I think it’s my love for drama. Personally, I don’t enjoy doing comedies as much. I like emotional investigation and disturbance in a character. Maybe because my real life is so opposite to these characters, I’m drawn to them. For a character like Dev in Glory, his rage comes from being emotionally immature. He doesn’t know how to put things into words, so he gets frustrated.

What pisses you off in real life?

Fake people. And people who don’t know their job but pretend they do. On sets, if I see someone not being serious, I can’t take that.
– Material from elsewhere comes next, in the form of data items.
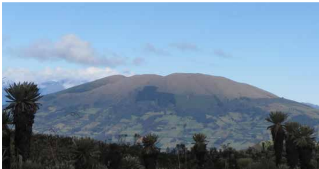
Foto 5: Areas de conservación. Comuna ancestral de indígenas pastos de La Libertad, provincia de Carchi (Ecuador) Autora: María Augusta Almeida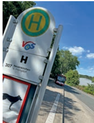
Wie der ÖPNV in Melle ergänzt wird, ist ein Thema, das die Politik noch beschäftigen wird.

CDU-Ratsherr: „Wir machen die Arbeit des Landkreises. Es ist eigentlich schon fast frech, dass man sich beim Landkreis dem Thema verweigert.“ Der Begriff „Lütti“ habe auch in der Meller Lokalpolitik polarisiert und zu mancher Auseinandersetzung geführt, „aber eigentlich wollen wir alle das Gleiche: Einen zukunftsfähigen On-demand-Verkehr.“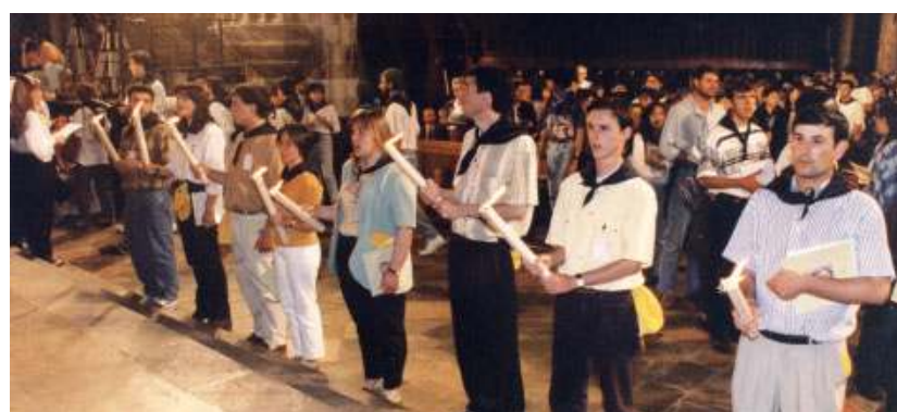
Joves participant en l'acte de cloenda del Concili a l'amfiteatre romà de Tarragona el dia 4 de juny de 1995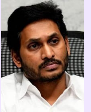
చెప్పలేకపోయారు. ఐదేళ్ల పాటు పరిపాలన చేసి.. నేను ఫలానా ఘనత సాధించానని చెప్పుకుని ఎన్నికలకు వెళ్లారు. కానీ జగన్ రెడ్డి.. గత ప్రభుత్వాన్ని.. కోవిడ్ ను 98% రాష్ట్ర విభజనను చంద్రబాబును బూచిగా చూపెట్టేందుకు ప్రయత్నించారు. పైగా పొత్తులు పెట్టుకున్నారు.. ఏడుపులు కూడా ఉన్నాయి. రాజకీయాంగా వేరే పార్టీల వ్యూహాల గురించి అసెంబ్లీలో జగన్ రెడ్డి చెప్పాల్సిన అవసరం లేదు. కానీ ఆయన నిరాశ నిస్సహాయత ఉన్నట్లుగా ఉన్నారు. బహిరంగసభల్లో చెప్పే ప్రసంగాలనే అటూ ఇటూగా మళ్లీ అసెంబ్లీలో చదివి వినిపించారు.

ఆంధ్ర ప్రగతి అమరావతి ఫిబ్రవరి 06: ఏపీ అసెంబ్లీలో జగన్ రెడ్డి ప్రసంగించారు. ఎన్నికలకు ముందు చివరి అసెంబ్లీ సమావేశాలు కావడంతో ఆయన తన పాలనా తీరును ఎలా సమర్థించుకుంటారా అని అందరూ ఆసక్తిగా చూశారు. కానీ ఆయన కరోనా వల్ల నష్టపోయామని.. ప్రతీ రాష్ట్రానికి ఓ పవర్ హౌస్ లా ఉండే మహానగరం లేకపోవడం వల్ల ఇంకా నష్టపోయామని అందు వల్ల ఏమీ చేయలేకపోయామన్నట్లుగా వివరణ ఇచ్చారు. ఈ ప్రసంగం విని వైసీపీ ఎమ్మెల్యేలకు మైండ్ బ్లాంక్ అయింది. ఎక్కడైనా బిల్లులు చరిచి చప్పట్లు కొడదామన్నా చాన్సివ్వకుండా.. ఐదేళ్ల తన చేతకాని తానికి కారణాలు చెప్పుకుంటూ పోయారు. ఇంకా విశేషం ఏమిటంటే మూడు రాజధానులు చేస్తానని.. విశాఖను ఎగ్జిక్యూటివ్ క్యాపిటల్ చేస్తానని ఆయన చెప్పలేదు. ప్రతీ రాష్ట్రానికి ఓ పవర్ హౌస్ ఉండాలని.. అలాంటి పవర్ హౌస్ విశాఖ అవుతుందని ఎక్కువ సార్లు ప్రస్తావించానని చెప్పకొచ్చారు. ఐదేళ్లలో విశాఖకు ఏం చేశారో.. మాత్రం చెప్పలేదు. ఆదాయం పెరగలేదని పదే పదే తన చేతకాని తనానికి కారణంగా చెప్పారు కానీ.. ఎందుకు పెరగలేదో మాత్రం చెప్పలేదు. గత ప్రభుత్వ ఆర్థిక విధానాలంటూ.. కోవిడ్ అంటూ.. మరొకటి అంటూ.. అంతే తప్ప.. తాను సాధించిన ఏమిటన్నది మాత్రం

If your hair and jawline are more important to you than the scene, that pisses me off.

A still from 'Glory'.

Did you ever feel like a sell-out when commercial success hit?

That feeling started after Chashme Baddoor (2013) when similar things were offered. That was the time of sex comedies. People thought because I was good at comedy, I’d want to do those. I was like, ‘Over my f*****g grave’. I remember one filmmaker gave me a narration with such dirty jokes — stuff even two boys sitting together wouldn’t say — and offered me a great deal of money.

I went home and talked to my wife. She told me, ‘We have money for rent. You don’t have to do this. Don’t die every day on sets’. I’m so glad that phase of the industry is over.

How was the experience working on Peddi?

Going to Telugu cinema for Peddi gave me such a fresh feeling because I was the “new kid” again, trying to comprehend a new language and culture. I fell in love with filmmaking all over again. The director, Buchi Babu, treated me like a true artist. I’m even speaking Telugu in the film. It wasn’t easy; I had to mug up big lines. It’s a period film with a specific dialect, and Telugu doesn’t have many pauses, it’s quite breathless. I cracked it by giving the character a high-status lineage, which dictated a certain way of speaking.